• **MATERIAL PROVIDED**

■ ■ ■ ■

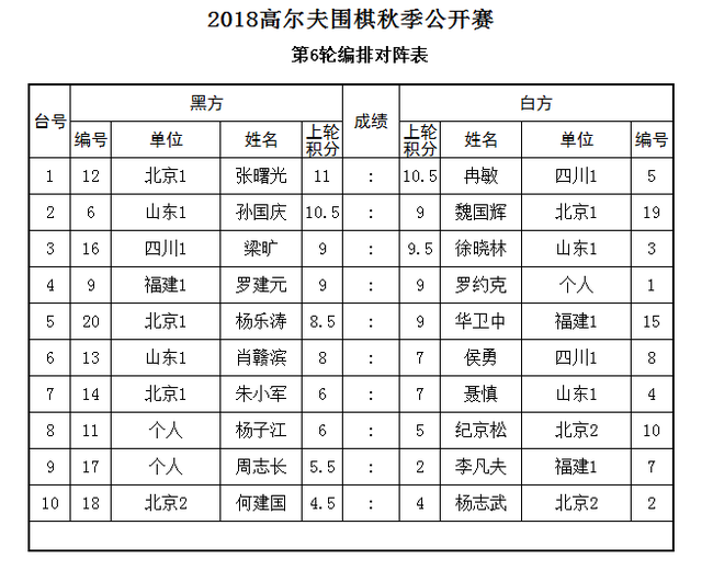 五轮比赛战罢,北京队张曙光积11分,暂时领跑,山东队孙国庆、四川队冉敏10.5分紧随其后。鹿死谁手,需听下回分解。第六轮对阵情况如下:
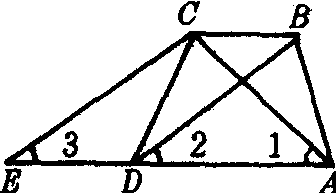 ❷若梯形的两条对角线相等,则这个梯形是等腰梯形.证明这个定理,可以用图中所示方法,作CE∥BD交AD延长线于E,由∠3=∠2,∠3=∠1,推知∠1=∠2.证△ABD≌△DCA.AB=DC. |
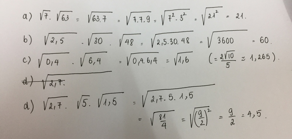 d)$\sqrt{2,7}$ .$\sqrt{5}$ .$\sqrt{1,5}$ =$\sqrt{0,3.3^{2}}$ .$\sqrt{5}$ .$\sqrt{0,3.5}$ =$\sqrt{0,3^{2}.5^{2}.3^{2}}$ =0,3.5.3=4,5
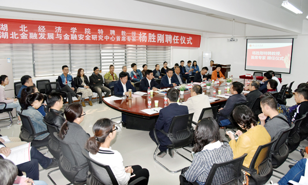 本网讯 10月18日,学校举行杨胜刚特聘教授、湖北金融发展与金融安全研究中心首席专家聘任仪式。校党委书记温兴生出席。校长董仕节与杨胜刚教授签订聘任合同并颁发聘书。学校办公室、教务处、人事处、科研处、研究生处、金融学院负责人和金融学院教师代表参加。聘任仪式由党委副书记刘大洪主持。

■ ■ ■ ■

Make an exact copy of the listing above. Its pictures are not needed.

 五轮比赛战罢,北京队张曙光积11分,暂时领跑,山东队孙国庆、四川队冉敏10.5分紧随其后。鹿死谁手,需听下回分解。第六轮对阵情况如下:
 ❷若梯形的两条对角线相等,则这个梯形是等腰梯形.证明这个定理,可以用图中所示方法,作CE∥BD交AD延长线于E,由∠3=∠2,∠3=∠1,推知∠1=∠2.证△ABD≌△DCA.AB=DC. |
 d)$\sqrt{2,7}$ .$\sqrt{5}$ .$\sqrt{1,5}$ =$\sqrt{0,3.3^{2}}$ .$\sqrt{5}$ .$\sqrt{0,3.5}$ =$\sqrt{0,3^{2}.5^{2}.3^{2}}$ =0,3.5.3=4,5
 本网讯 10月18日,学校举行杨胜刚特聘教授、湖北金融发展与金融安全研究中心首席专家聘任仪式。校党委书记温兴生出席。校长董仕节与杨胜刚教授签订聘任合同并颁发聘书。学校办公室、教务处、人事处、科研处、研究生处、金融学院负责人和金融学院教师代表参加。聘任仪式由党委副书记刘大洪主持。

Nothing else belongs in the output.